*WHAT THE TASK ASKS*. Give back each entry unchanged, minus pictures.

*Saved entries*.
-*-*-
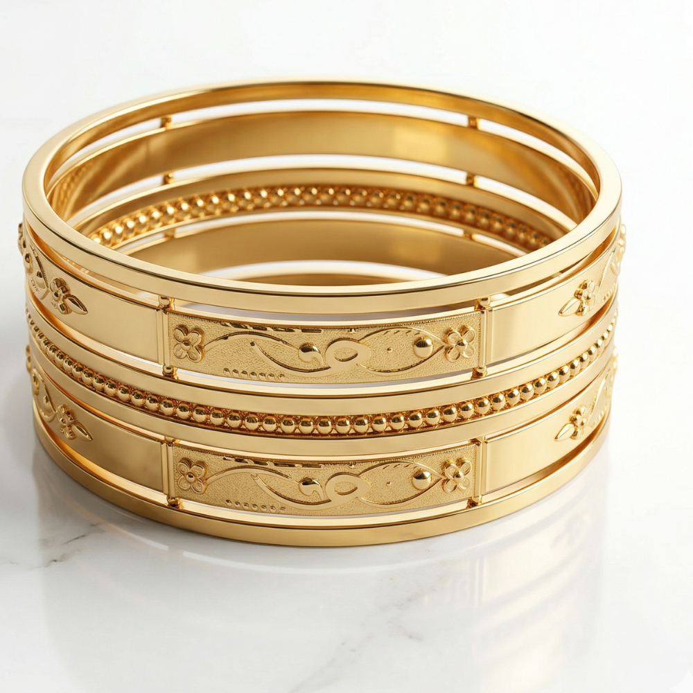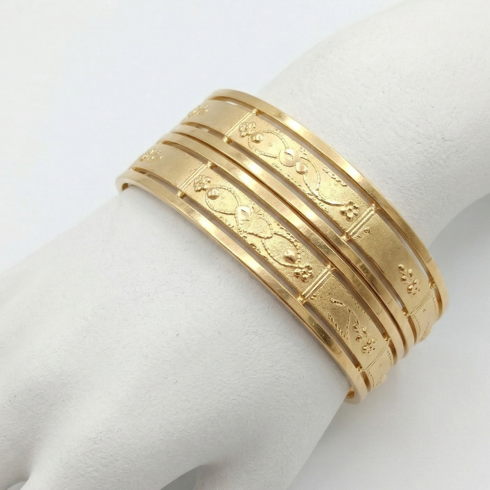 Finished in lustrous yellow gold and blending mirror-finish with frosted textures, these bangles make an unparalleled accessory for showcasing premium taste. Perfect for any celebration, they embody luxury that complements your unique style.
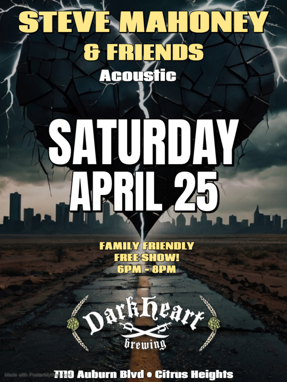 Award winning singer / songwriter Steve Mahoney & Friends bring their high energy set to DarkHeart Brewery for a fun and family friendly event.
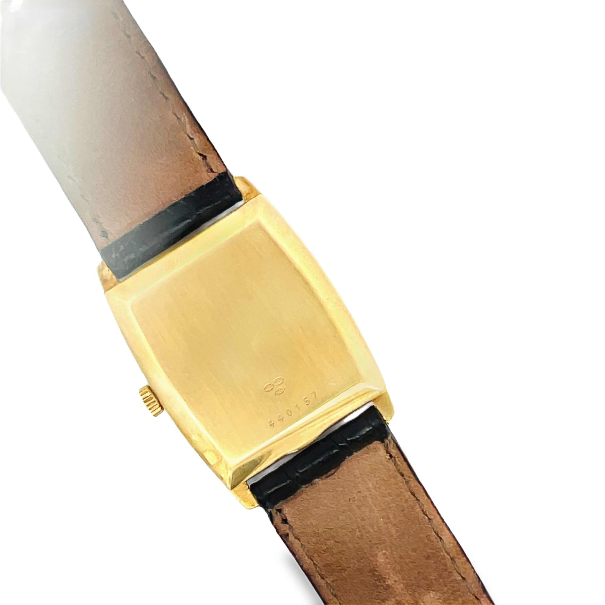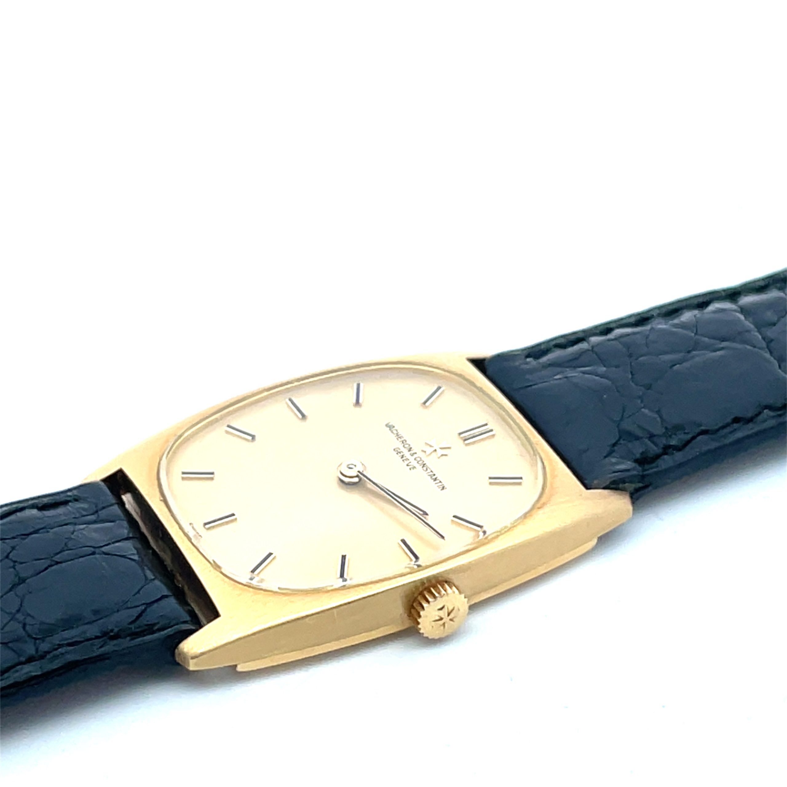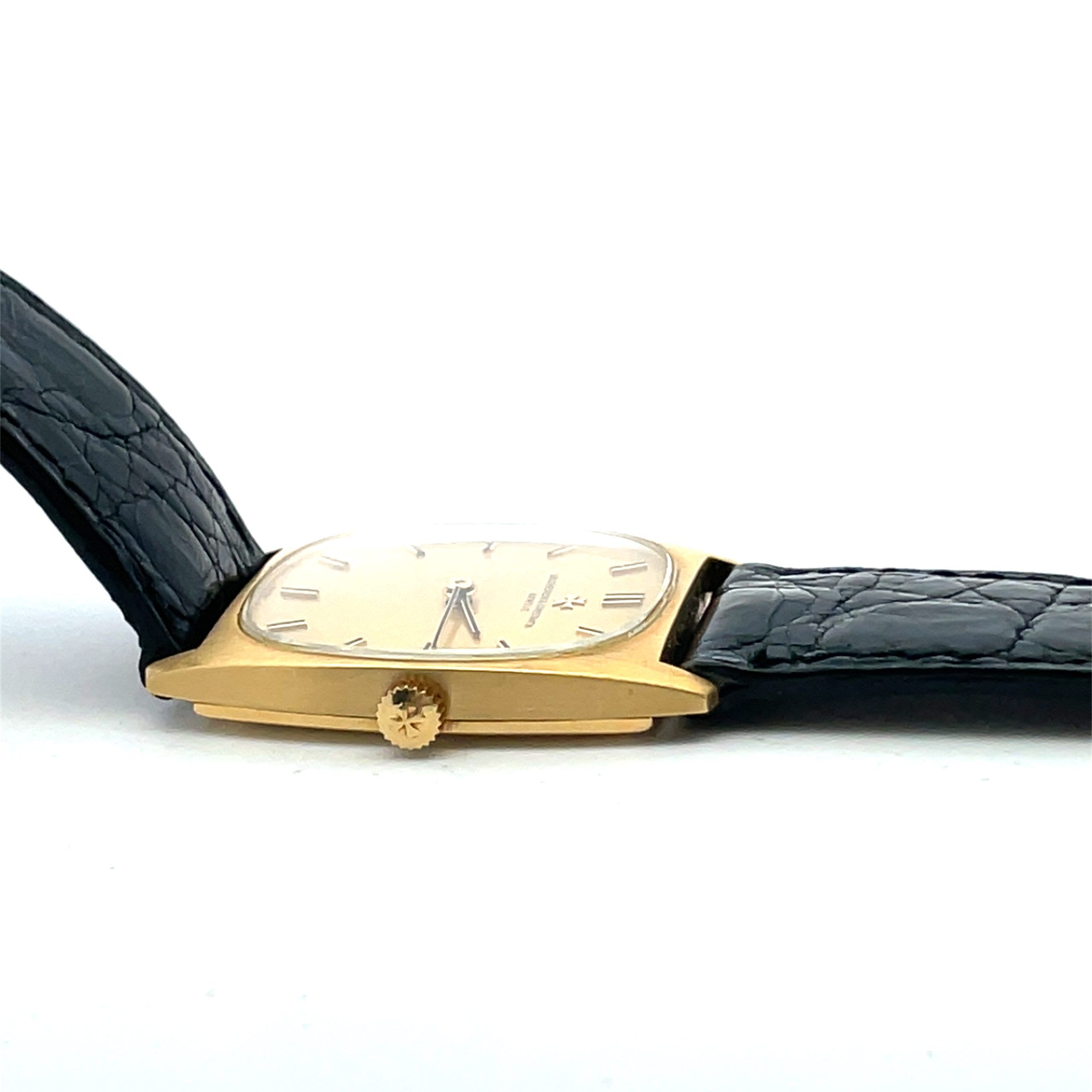 Vacheron & Constantin 18K yellow gold ultra-slim tonneau-shape men’s dress watch, circa 1970’s, ref. 7813, with original V&C buckle and crown; a fine, extra flat case, 25mmx35mm, with 17J mechanical manual wind movement, matte champagne dial with applied gold hour markers, in very good condition. Interesting detail: the case back has a double owl hallmark, indicating the watch was imported to France from Switzerland.
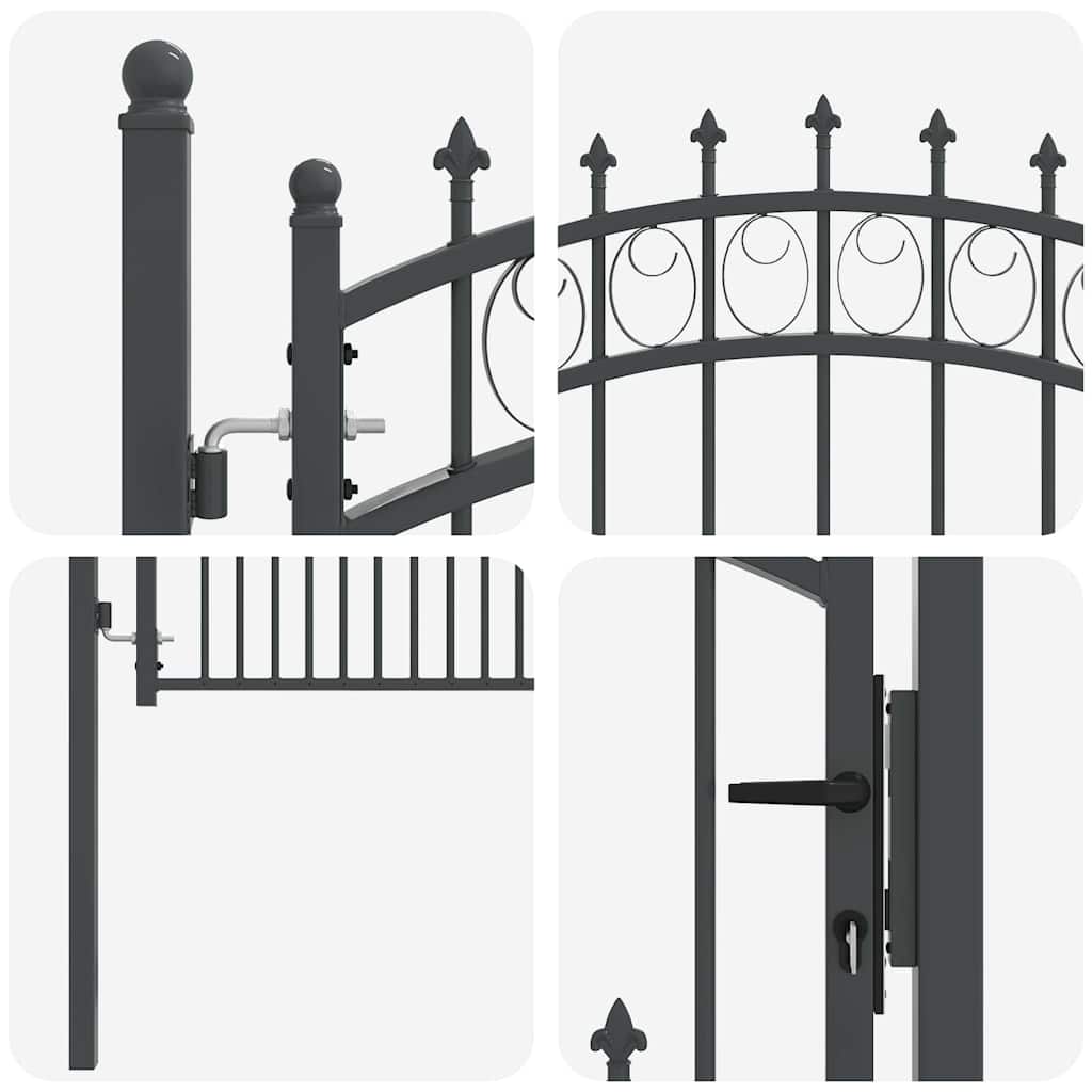 Dieses Zauntor mit Spitzen bringt moderne Einfachheit in die Außenbereiche. Es hat eine schlanke, pulverbeschichtete Stahlkonstruktion mit klaren Linien und wenig Schnickschnack. Ideal für Gärten und Terrassen, bietet es die perfekte Kombination aus Stil und Nutzen. Das bogenförmige Design sorgt für einen eleganten Akzent, sodass es nicht nur funktional, sondern auch hübsch anzusehen ist. Die robuste Bauweise gewährleistet zuverlässige Leistung bei jedem Wetter und bildet eine sichere Grenze. Pulverbeschichteter Stahl: Das Tor besteht aus hochwertigem pulverbeschichtetem Stahl. Die Beschichtung sorgt für Langlebigkeit und macht es wetterfest. Außerdem bleibt es optisch ansprechend. So wird weniger Wartung nötig, was genial für alle ist, die beide Vorteile wollen: Schönheit und Praktikabilität. Inklusive Komponenten: Mit zwei Pfosten und stabilen Scharnieren ist das Tor einfach zu montieren. Du bekommst auch drei passende Schlüssel. Alles wurde sorgfältig ausgesucht, um einen stabilen und sicheren Betrieb zu gewährleisten. Das ist beruhigend für tägliche Nutzer. Stilvolles bogenförmiges Design: Das elegante, bogenförmige Oberteil und die dekorativen Spitzen passen zu vielen Gartenarten. Es verbindet klassische Eleganz mit einem modernen Touch und steigert den ästhetischen Wert jedes Außenbereichs. Es fügt sich wunderbar in die natürliche Schönheit von Gartenanlagen ein und macht aus einer einfachen Barriere ein stilvolles Highlight. Outdoor-Vielseitigkeit: Perfekt für Gärten und Terrassen bietet das Tor Privatsphäre sowie raumteilende Lösungen. Das moderne Design fügt sich mühelos in zeitgenössische Gärten ein und ist eine vielseitige Ergänzung für verschiedene Landschaften. Es schafft einen einladenden Eingang und wahrt dabei die notwendige Privatsphäre. Montage und Wartung: Die Montage ist einfach und erfordert nur zwei Personen und einen Schraubendreher. Nach der Installation bleibt das Tor stabil und sicher. Regelmäßige Checks der Scharniere und Schrauben sind empfehlenswert, um die Haltbarkeit zu sichern. Um es hübsch zu halten, wische die Oberfläche einfach mit einem milden Reinigungsmittel und Wasser ab.
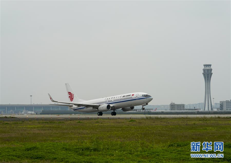 3月11日,一架國航客機從重慶江北國際機場的跑道上起飛。
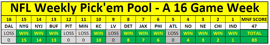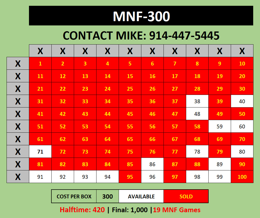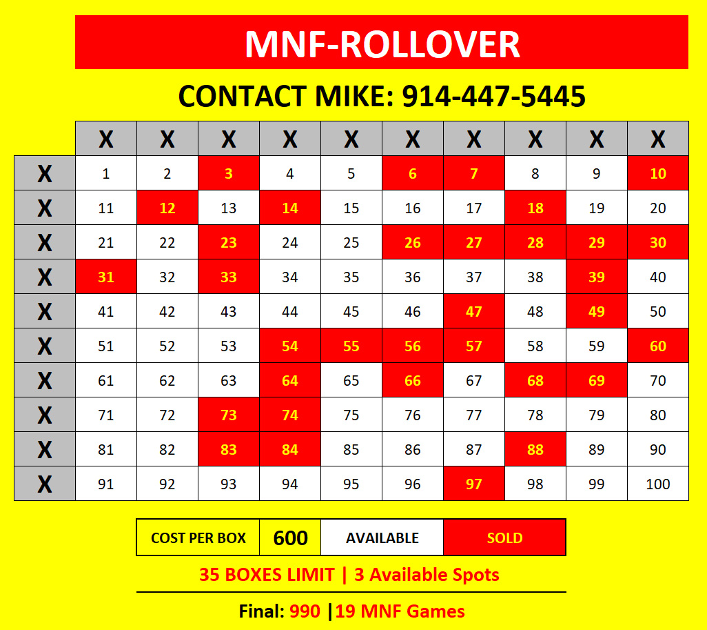 Monday Night FootballWe are running multiple pools for MNF. First off will be the regular pool where we fill all boxes then our rollover pool which will max out at 35 boxes sold each. Here are the rules for each pool: ![]()
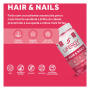 Com nutrientes essenciais para o crescimento saudável e brilho do cabelo, ajuda a prevenir a queda e a tornar as unhas mais fortes, com um delicioso sabor a morango.
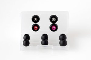 イヤーピースはシリコン製の「TYPE E」を5サイズ(SS/S/M/L/LL)同梱。軸の色をそれぞれ変えることで左右やサイズの判別をしやすくしている。ほか、シリコン製のイヤホンキャリーケースも付属する。
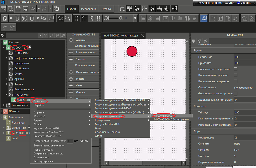 Рис. 41. Среда разработки и последовательность действий по добавлению в проект контроллеру М3000-Т в протоколе ModBus RTU ведомого модуля М3000-ВВ-0010.
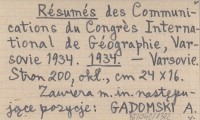 Résumés des Communications du Congrés International de Géographie, Varsovie 1934. 1934
-*-*-
*SOLVED EXERCISE*.
 Finished in lustrous yellow gold and blending mirror-finish with frosted textures, these bangles make an unparalleled accessory for showcasing premium taste. Perfect for any celebration, they embody luxury that complements your unique style.
 Award winning singer / songwriter Steve Mahoney & Friends bring their high energy set to DarkHeart Brewery for a fun and family friendly event.
 Vacheron & Constantin 18K yellow gold ultra-slim tonneau-shape men’s dress watch, circa 1970’s, ref. 7813, with original V&C buckle and crown; a fine, extra flat case, 25mmx35mm, with 17J mechanical manual wind movement, matte champagne dial with applied gold hour markers, in very good condition. Interesting detail: the case back has a double owl hallmark, indicating the watch was imported to France from Switzerland.
 Dieses Zauntor mit Spitzen bringt moderne Einfachheit in die Außenbereiche. Es hat eine schlanke, pulverbeschichtete Stahlkonstruktion mit klaren Linien und wenig Schnickschnack. Ideal für Gärten und Terrassen, bietet es die perfekte Kombination aus Stil und Nutzen. Das bogenförmige Design sorgt für einen eleganten Akzent, sodass es nicht nur funktional, sondern auch hübsch anzusehen ist. Die robuste Bauweise gewährleistet zuverlässige Leistung bei jedem Wetter und bildet eine sichere Grenze. Pulverbeschichteter Stahl: Das Tor besteht aus hochwertigem pulverbeschichtetem Stahl. Die Beschichtung sorgt für Langlebigkeit und macht es wetterfest. Außerdem bleibt es optisch ansprechend. So wird weniger Wartung nötig, was genial für alle ist, die beide Vorteile wollen: Schönheit und Praktikabilität. Inklusive Komponenten: Mit zwei Pfosten und stabilen Scharnieren ist das Tor einfach zu montieren. Du bekommst auch drei passende Schlüssel. Alles wurde sorgfältig ausgesucht, um einen stabilen und sicheren Betrieb zu gewährleisten. Das ist beruhigend für tägliche Nutzer. Stilvolles bogenförmiges Design: Das elegante, bogenförmige Oberteil und die dekorativen Spitzen passen zu vielen Gartenarten. Es verbindet klassische Eleganz mit einem modernen Touch und steigert den ästhetischen Wert jedes Außenbereichs. Es fügt sich wunderbar in die natürliche Schönheit von Gartenanlagen ein und macht aus einer einfachen Barriere ein stilvolles Highlight. Outdoor-Vielseitigkeit: Perfekt für Gärten und Terrassen bietet das Tor Privatsphäre sowie raumteilende Lösungen. Das moderne Design fügt sich mühelos in zeitgenössische Gärten ein und ist eine vielseitige Ergänzung für verschiedene Landschaften. Es schafft einen einladenden Eingang und wahrt dabei die notwendige Privatsphäre. Montage und Wartung: Die Montage ist einfach und erfordert nur zwei Personen und einen Schraubendreher. Nach der Installation bleibt das Tor stabil und sicher. Regelmäßige Checks der Scharniere und Schrauben sind empfehlenswert, um die Haltbarkeit zu sichern. Um es hübsch zu halten, wische die Oberfläche einfach mit einem milden Reinigungsmittel und Wasser ab.
 3月11日,一架國航客機從重慶江北國際機場的跑道上起飛。
 Monday Night FootballWe are running multiple pools for MNF. First off will be the regular pool where we fill all boxes then our rollover pool which will max out at 35 boxes sold each. Here are the rules for each pool: ![]()
 Com nutrientes essenciais para o crescimento saudável e brilho do cabelo, ajuda a prevenir a queda e a tornar as unhas mais fortes, com um delicioso sabor a morango.
 イヤーピースはシリコン製の「TYPE E」を5サイズ(SS/S/M/L/LL)同梱。軸の色をそれぞれ変えることで左右やサイズの判別をしやすくしている。ほか、シリコン製のイヤホンキャリーケースも付属する。
 Рис. 41. Среда разработки и последовательность действий по добавлению в проект контроллеру М3000-Т в протоколе ModBus RTU ведомого модуля М3000-ВВ-0010.
 Résumés des Communications du Congrés International de Géographie, Varsovie 1934. 1934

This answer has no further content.